> **WHAT THE TASK REQUIRES**
Each record should be given again exactly as it appears, with no image included.

> **DATA FOR THE TASK**
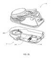 In theFIG. 74, the top non-disposable portion X also includesmain PCB13, avibration motor3210 and apumping actuation member54. The top, non-disposable portion X includes the AVS assembly or dispensingassembly120. InFIG. 74, amicrophone133 is shown. The top, non-disposable portion X also includes abattery15, which may be used to provide electrical power to electronics on the non-disposable portion and/or the disposable portion. In some embodiments, thisbattery15 is rechargeable. Recharging can be done by methods described below. The disposable portion Y includes the wetted components including a fluid line (not shown) and the pumping assembly. InFIG. 74, only the pumpingplunger54 can be seen. This embodiment of thedevice10 can also include many of the elements described above, including, but not limited to, a fluid impedance, a flexible membrane, a cannula housing and a sensor housing. Any pumping mechanism can be used.
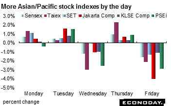 Over the week, most equity indexes advanced with the exception of emerging markets in Asia that can be potentially hit by changes in U.S. international trade and immigration. Gains ranged from 0.1 percent (Kospi) to 5.4 percent (Dow). Declines ranged from 0.5 percent (Hang Seng) to 3.7 percent (Bolsa).
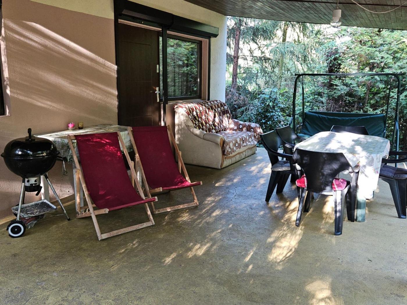 Dom wakacyjny. This holiday home features 1 living room, 2 separate bedrooms and 1 bathroom with a bath or a shower. The holiday homes kitchenette, which features a refrigerator and kitchenware, is available for cooking and storing food. The holiday home has a terrace. The unit has 3 beds. Dom wakacyjny - 5 osobowy. Powierzchnia pokoju ok.: 80 mkw.
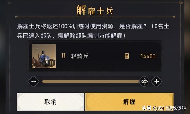 【小提示】初期食物资源田满足主线任务需求即可,无需过多,如果发生食物不够训练士兵的情况,可以前往校场对不参战的士兵进行解雇处理,100%返还对应的食物,基本能满足开荒消耗。
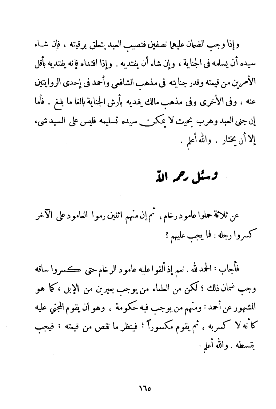 الْحَمْدُ لِلَّهِ، نَعَمْ إذَا أَلْقَوْا عَلَيْهِ عَمُودَ الرُّخَامِ حَتَّى كَسَرُوا سَاقَهُ وَجَبَ ضَمَانُ ذَلِكَ؛ لَكِنْ مِنْ الْعُلَمَاءِ مَنْ يُوجِبُ بَعِيرَيْنِ مِنْ الْإِبِلِ كَمَا هُوَ الْمَشْهُورُ عَنْ أَحْمَد: وَمِنْهُمْ مَنْ يُوجِبُ فِيهِ حُكُومَةً وَهُوَ أَنْ يُقَوَّمَ الْمَجْنِيُّ عَلَيْهِ كَأَنَّهُ لَا كَسْرَ بِهِ ثُمَّ يُقَوَّمَ مَكْسُورًا؛ فَيُنْظَرُ مَا نَقَصَ مِنْ قِيمَتِهِ: فَيَجِبُ بِقِسْطِهِ. وَاَللَّهُ أَعْلَمُ.
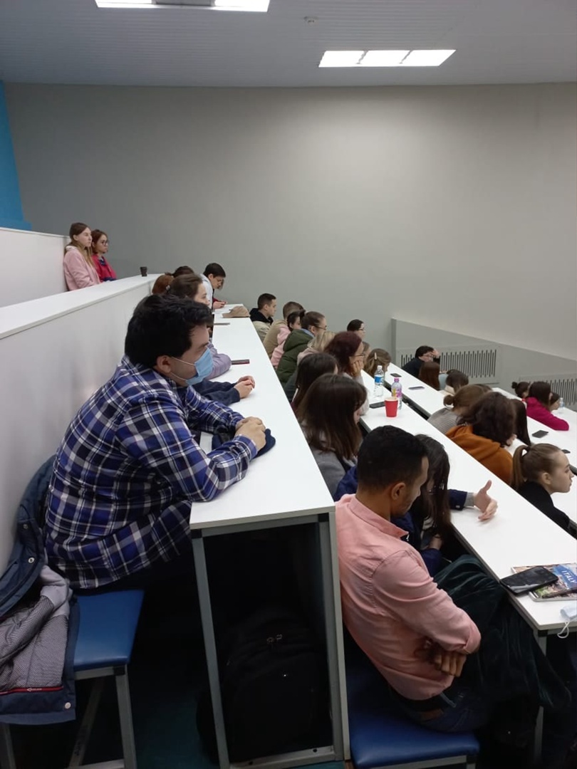 Валентина поделилась опытом письменного, синхронного и последовательного перевода, работы на телевидении и в сфере PR. Посоветовала студентам пробовать себя в качестве волонтёров-переводчиков на различных форумах - такие мероприятия предоставляют хорошие возможности и полезный опыт.
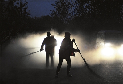 鲁欢喜家离出村路最近,自然成了她们上岗前的集合地点。几分钟后,杜来英来到鲁家,其他几个随后也陆续赶来。为了赶早清扫,她们早上都顾不上吃早饭。

> **RESPONSE BELOW**
 In theFIG. 74, the top non-disposable portion X also includesmain PCB13, avibration motor3210 and apumping actuation member54. The top, non-disposable portion X includes the AVS assembly or dispensingassembly120. InFIG. 74, amicrophone133 is shown. The top, non-disposable portion X also includes abattery15, which may be used to provide electrical power to electronics on the non-disposable portion and/or the disposable portion. In some embodiments, thisbattery15 is rechargeable. Recharging can be done by methods described below. The disposable portion Y includes the wetted components including a fluid line (not shown) and the pumping assembly. InFIG. 74, only the pumpingplunger54 can be seen. This embodiment of thedevice10 can also include many of the elements described above, including, but not limited to, a fluid impedance, a flexible membrane, a cannula housing and a sensor housing. Any pumping mechanism can be used.
 Over the week, most equity indexes advanced with the exception of emerging markets in Asia that can be potentially hit by changes in U.S. international trade and immigration. Gains ranged from 0.1 percent (Kospi) to 5.4 percent (Dow). Declines ranged from 0.5 percent (Hang Seng) to 3.7 percent (Bolsa).
 Dom wakacyjny. This holiday home features 1 living room, 2 separate bedrooms and 1 bathroom with a bath or a shower. The holiday homes kitchenette, which features a refrigerator and kitchenware, is available for cooking and storing food. The holiday home has a terrace. The unit has 3 beds. Dom wakacyjny - 5 osobowy. Powierzchnia pokoju ok.: 80 mkw.
 【小提示】初期食物资源田满足主线任务需求即可,无需过多,如果发生食物不够训练士兵的情况,可以前往校场对不参战的士兵进行解雇处理,100%返还对应的食物,基本能满足开荒消耗。
 الْحَمْدُ لِلَّهِ، نَعَمْ إذَا أَلْقَوْا عَلَيْهِ عَمُودَ الرُّخَامِ حَتَّى كَسَرُوا سَاقَهُ وَجَبَ ضَمَانُ ذَلِكَ؛ لَكِنْ مِنْ الْعُلَمَاءِ مَنْ يُوجِبُ بَعِيرَيْنِ مِنْ الْإِبِلِ كَمَا هُوَ الْمَشْهُورُ عَنْ أَحْمَد: وَمِنْهُمْ مَنْ يُوجِبُ فِيهِ حُكُومَةً وَهُوَ أَنْ يُقَوَّمَ الْمَجْنِيُّ عَلَيْهِ كَأَنَّهُ لَا كَسْرَ بِهِ ثُمَّ يُقَوَّمَ مَكْسُورًا؛ فَيُنْظَرُ مَا نَقَصَ مِنْ قِيمَتِهِ: فَيَجِبُ بِقِسْطِهِ. وَاَللَّهُ أَعْلَمُ.
 Валентина поделилась опытом письменного, синхронного и последовательного перевода, работы на телевидении и в сфере PR. Посоветовала студентам пробовать себя в качестве волонтёров-переводчиков на различных форумах - такие мероприятия предоставляют хорошие возможности и полезный опыт.
 鲁欢喜家离出村路最近,自然成了她们上岗前的集合地点。几分钟后,杜来英来到鲁家,其他几个随后也陆续赶来。为了赶早清扫,她们早上都顾不上吃早饭。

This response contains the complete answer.